# Imports

In [None]:
import warnings

warnings.simplefilter(action="ignore", category=FutureWarning)

from collections import defaultdict

import common_functions
import numpy as np
import pandas as pd
import utils
from scipy import stats

# Aim of this notebook  
* Calculate the Estimated Daily Intake values based on the wristband and dust measurements


Based on the concentrations detailed, we estimate exposure levels through the ingestion of dust and wristband.
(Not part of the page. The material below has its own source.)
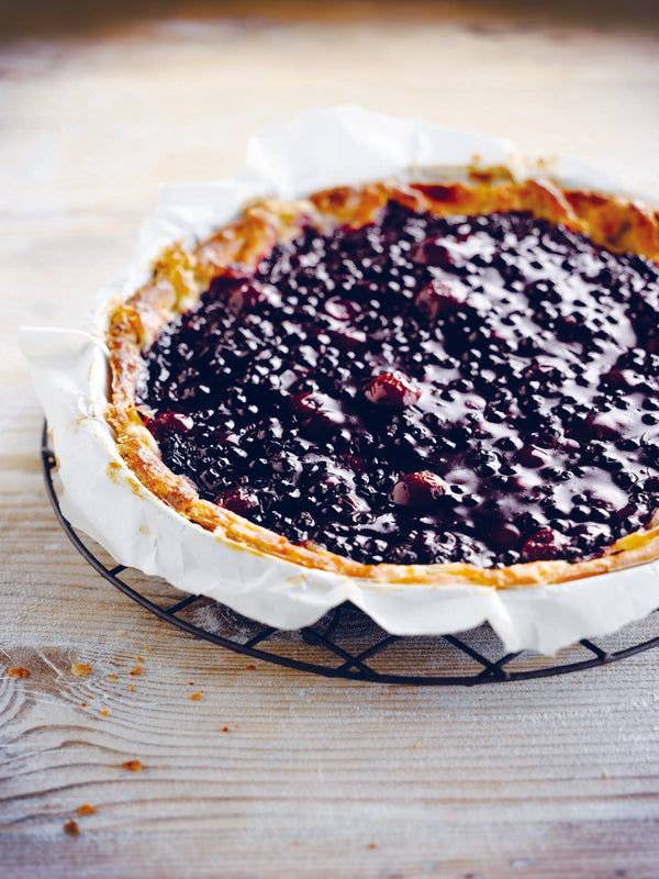 Haal de taart uit de koelkast en strooi er de krieken en de rauwe vlierbessen op. Giet het sap erover.

The estimated daily intake (EDI) in milligrams per kilogram of body weight per day (mg/kg bw/day) was determined using a methodology based on the general approach described by McGrath et al., 2022. The EDI is calculated using the following formula:

EDI = (Concentration × Ingestion × Fraction) / Body weight

Here, "concentration" represents the concentrations of quantified compounds."Ingestion" pertains to dust ingestion rates of 20 and 60 mg/day for adults and toddlers in the 50th percentile exposure scenario, and 50 and 100 mg/day for adults and toddlers in the 95th percentile exposure scenario, as specified by USEPA, 2017a."Fraction" refers to the fraction of time individuals spend at the workplace (0.33, 8 hours of work divided by 24 hours), based on research by Klepeis et al., 2001, and Poma et al., 2020. "Body weight" is given in the serum dataframe, expressed in kg unit.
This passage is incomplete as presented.